Why should active people concentrate on icing more after a workout when you could just pop a pill or drink a supplement and be done with it?

Two reasons why: inflammation in the joints and muscles.

Sometimes you can’t just pop a pill and call it good so you have to use other alternatives.  This is where icing really helps the body.  Working out is hard on the body because when you workout your body goes under a tremendous amount of stress and fatigue, which can cause the body to be inflamed in the joints and muscles.  Your body is an amazing machine and you might not realize your body is inflamed either due to not felling pain.  That doesn’t meab your body isn’t hurting though.  Do you maintain your car with oil changes and tune ups so it can last longer?  Your body isn’t any different.     If you don’t help keep that inflammation under control, you will end up hurting your joints or pulling muscles so it’s crucial that you ice every day.  If you let it get out of hand and the inflammation takes over, it will be very painful.   It could take months to get rid of and in the worse case scenario, it will take a lifetime of maintenance to keep the pain down.

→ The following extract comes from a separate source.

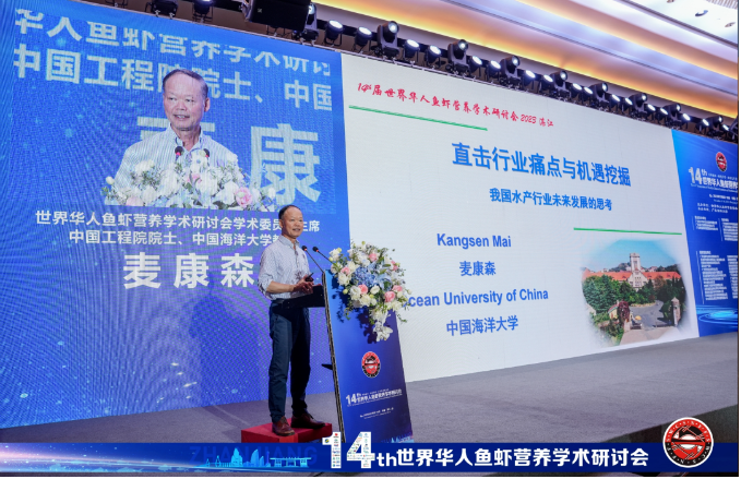 11月7日,世界华人鱼虾营养学术研讨会学术委员会主席、中国工程院院士、中国海洋大学教授麦康森在第十四届世界华人鱼虾营养学术研讨会上作《直击行业痛点与机遇挖掘,我国水产行业未来发展的思考》主题报告

What should you ice after a workout?  Icing should be concentrated on the areas you worked out the most and any areas that you have had precious injuries in the past.  For example, I ice my knees after every workout because I have had two knee surgeries caused by basketball so I focus on my knees everyday.  On the other hand, if you workout your back, you want to ice the shoulders and lower back.  Chest or shoulder day, you want to ice both shoulders.  Leg day, ice the lower back and knees.  Arm day ice the elbows and wrists.

Feel free to ice the entire body everyday if you want to.  Let me reiterate, the more time you spend icing the better your body will feel.  Inflammation can be very painful and could take months to cure it so don’t let your body get to the point where you can’t workout anymore.  Where do I buy I’m Ice packs? I go to

Here are the best ice packs and links for each area of the body…

  1. Shoulders:
  2. Back:
  3. Knee:
  4. Wrist:
  5. Elbow:

CHECK THIS OUT…Ever heard of cryotherapy?

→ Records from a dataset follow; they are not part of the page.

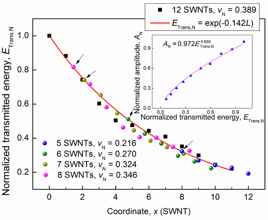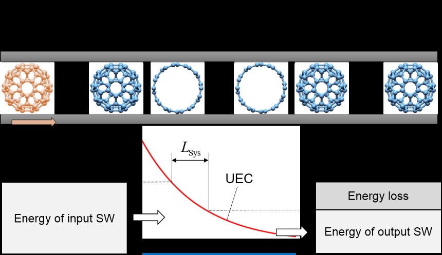 随着近年来纳米科学的飞速发展,对于纳米材料机械性能的研究成为热点,应力波的传播便是其中之一。最近许骏教授课题组利用分子动力学模拟,从理论上将单壁碳纳米管系统嵌入一维巴基球系统,首次在纳观尺度上实现了对孤立波的定量调控。这一定量调控的核心就是利用单壁碳纳米管系统的衰减特性。研究工作通过建立能量通道(Universalenergy channel)的概念,对单壁碳纳米管中的能量衰减进行了形象的定量描述,孤立波调控机理和调控实例如图一、图二所示:
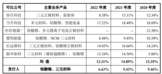从目前正极材料上市公司看,2022年厦钨新能、容百科技(688005.SH)、振华新材(688707.SH)、长远锂科(688779.SH)、当升科技(300073.SZ)主营业务毛利率分别为8.48%、8.58%、13.24%、14.05%、17.22%。
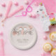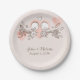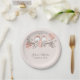 Una placa de papel bonita conveniente para muchas ocasiones y el personalizable con nombres o fechas. Dos pájaros se sientan en ramas de árbol con los corazones y flores en fondo del melocotón.
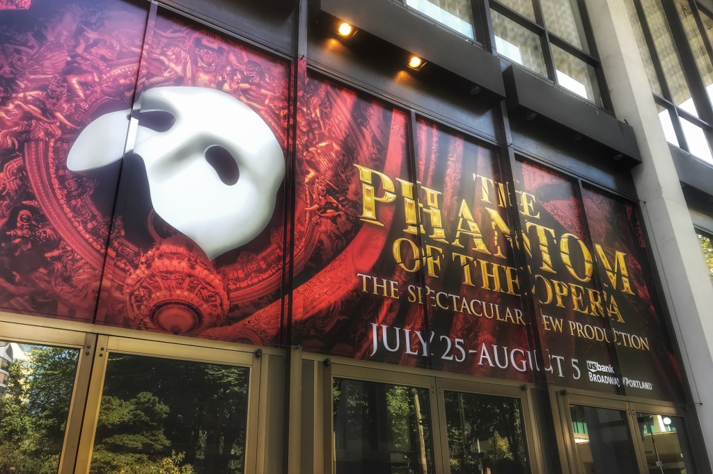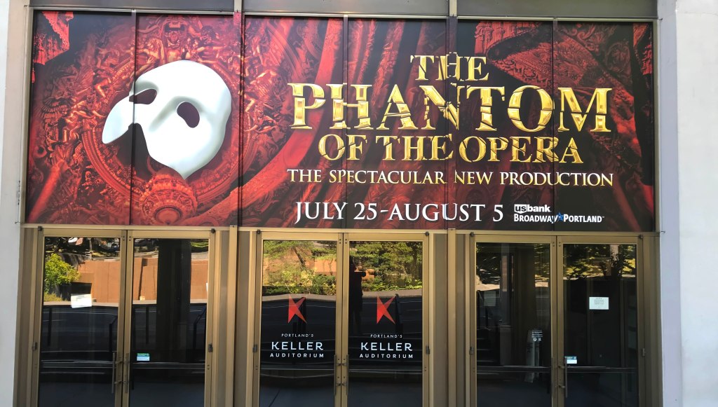 In July 2018, I attended a 2:00 PM matinee of The Phantom of the Opera at Keller Auditorium. Downtown Portland moved normally outside — summer light reflecting off glass towers, trees casting steady shadows along Main Street. Across Keller’s façade, however, the white half-mask stretched wide over molten red and baroque gold, announcing spectacle against the building’s clean geometry.

If you haven’t you’re missing out on something so great for the body depleting it’s inflammation in the joints and muscles.  Here is an over view of cryotherapy… “cryotherapy is localized or whole-body exposure to subzero temperatures to decrease inflammation, increase cellular survival, decrease pain and spasms, and promote overall health. It is not a medical procedure, but a non-invasive option for people seeking Faster Recovery. Better Health. Widely used in training and wellness centers, and spa-like settings in Europe, the treatment has not been readily available in the U.S., until now (!